健診の腹部エコー検査などで膵臓に嚢胞(のうほう)が見つかった場合にどうしたらいいでしょうか。
一般に嚢胞とは内部に水成分などを含んだ袋状のものを言います。肝臓や腎臓にも嚢胞ができますが、膵臓にできる嚢胞はがんになる可能性があるものも含まれるので注意が必要です。膵嚢胞は急性膵炎の治療後や外傷、術後にできる非腫瘍性嚢胞と、膵管内乳頭粘液性腫瘍(IPMN)や粘液性嚢胞性腫瘍(MCN)、漿液性嚢胞性腫瘍(SCN)などの腫瘍性嚢胞の2つに分類されられます。今回は腫瘍性嚢胞の中で最も多く、がんになる可能性もあるIPMNについて説明したいと思います。

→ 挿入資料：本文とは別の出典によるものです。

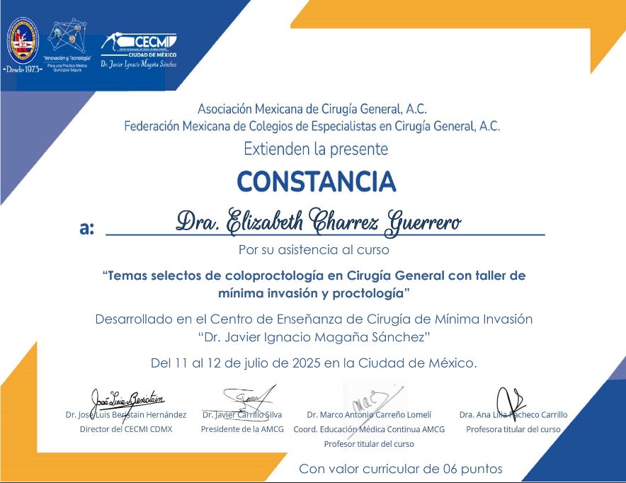 Cirujana General certificada por el Consejo Mexicano de Cirugía General, especialista en cirugía laparoscópica avanzada y tratamiento de hernias complejas. Como miembro de la Asociación Mexicana de Cirugía General y de la Asociación Mexicana de Hernia, brindo atención quirúrgica de vanguardia, segura y completamente personalizada, enfocada en minimizar riesgos, optimizar resultados con la excelencia que merecen mis pacientes.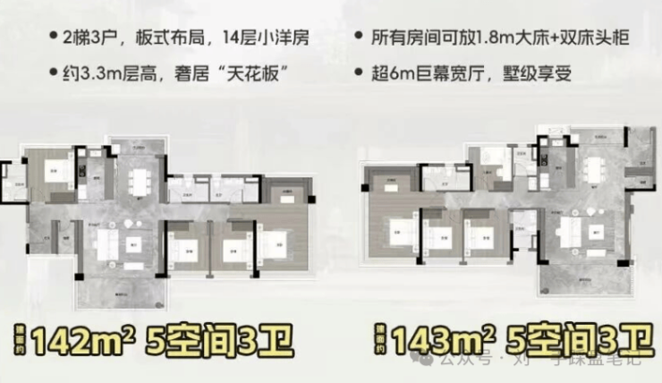 143㎡五房三卫,板式布局,3.3米层高,墅级享受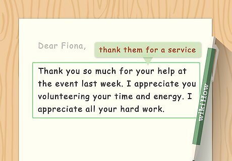 Create a message of thanks for a service. If you are thanking the person for a service or a kind act, mention this in the note. Make sure you say “thank you” and express your gratitude for the person’s help. For example, you may write, “Thank you so much for your help at the event last week. I appreciate you volunteering your time and energy. I appreciate all your hard work.” Or you may write, “Thank you for picking me up at the airport the other day. I’m so lucky to have a friend like you. You’re the best!”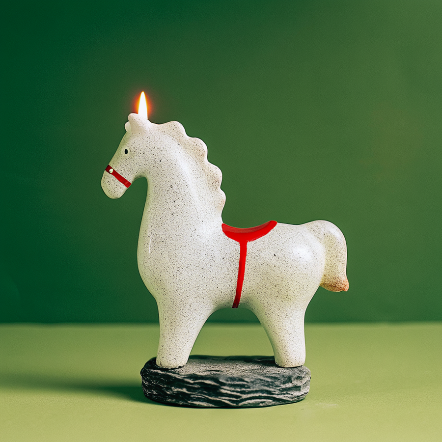Форма свечи в виде лошади: длина около 120–140 мм, высота 90–110 мм.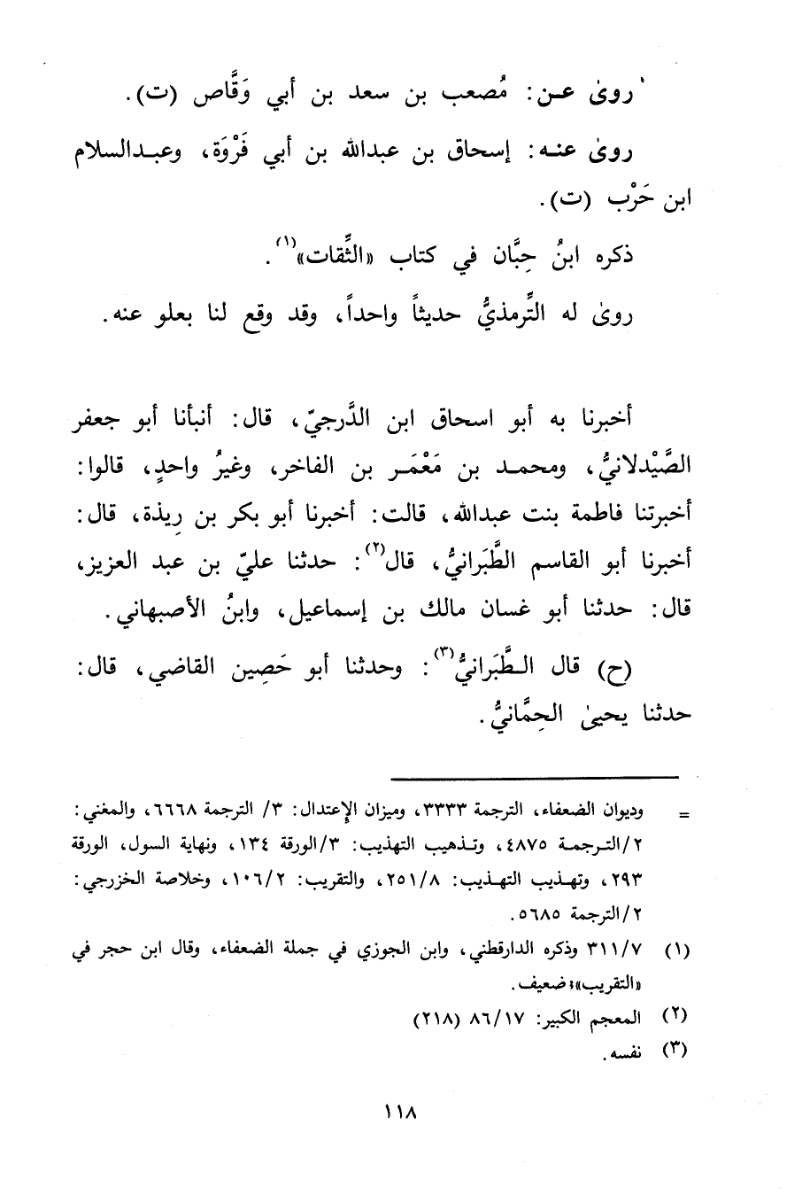 = وديوان الضعفاء، الترجمة 3333، وميزان الاعتدال: 3 / الترجمة 6668، والمغني: 2 / الترجمة 4875، وتذهيب التهذيب: 3 / الورقة 134، ونهاية السول، الورقة 293، وتهذيب التهذيب: 8 / 251، والتقريب: 2 / 106، وخلاصة الخزرجي: 2 / الترجمة 5685.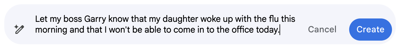 Here I've added a prompt to the interface requesting a draft for an email to my boss. Let's see what Gemini returns: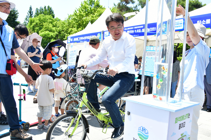 [서울=뉴시스] 고승민 기자 = 오승록 서울 노원구청장이 3일 서울 노원구 중계동 등나무문화공원에서 진행된 ‘2023 노원 탄소중립 한마당’ 행사에 참석해 자전거 발전기를 체험하고 있다. (사진=노원구 제공) 2023.06.03. [email protected] *재판매 및 DB 금지

IPMNは60歳以上の1000人に1人程度に見つかるとされ、決してまれな病気ではありません。膵臓の中には膵管という膵液の通り道があり、木の幹に相当する「主膵管」から発生する主膵管型IPMNと、木の枝に相当する「分枝膵管」から発生する分枝膵管型IPMNに分けられます。主膵管型IPMNはがんになる可能性が高いため、基本的には手術の対象となります。一方で分枝膵管型IPMNががんになる可能性は約2-3%と低いため、多くの場合で定期的に経過観察を行います。
膵嚢胞がみつかった場合は、簡単にできる腹部エコー検査の他に、CT検査やMRI検査、超音波内視鏡検査(EUS)などの画像検査を行い、主膵管型IPMNと分枝膵管型IPMNのどちらかに該当するかを判定します。分枝膵管型IPMNのうち、嚢胞の壁に5mm以上の結節があったり、1cm以上の主膵管拡張がある場合などは、がん化する可能性が高いと言われており、これらの所見がないかも一緒に判断していきます。多くの分枝膵管型IPMNはがん化の可能性は低いと判断されますので、その場合は嚢胞の大きさに応じて、定期的に画像検査行っていきます。患者さんの年齢や症状、合併疾患などによっても検査内容や間隔は変わってきますので、主治医と相談の上、計画的に検査を行っていくことが重要です。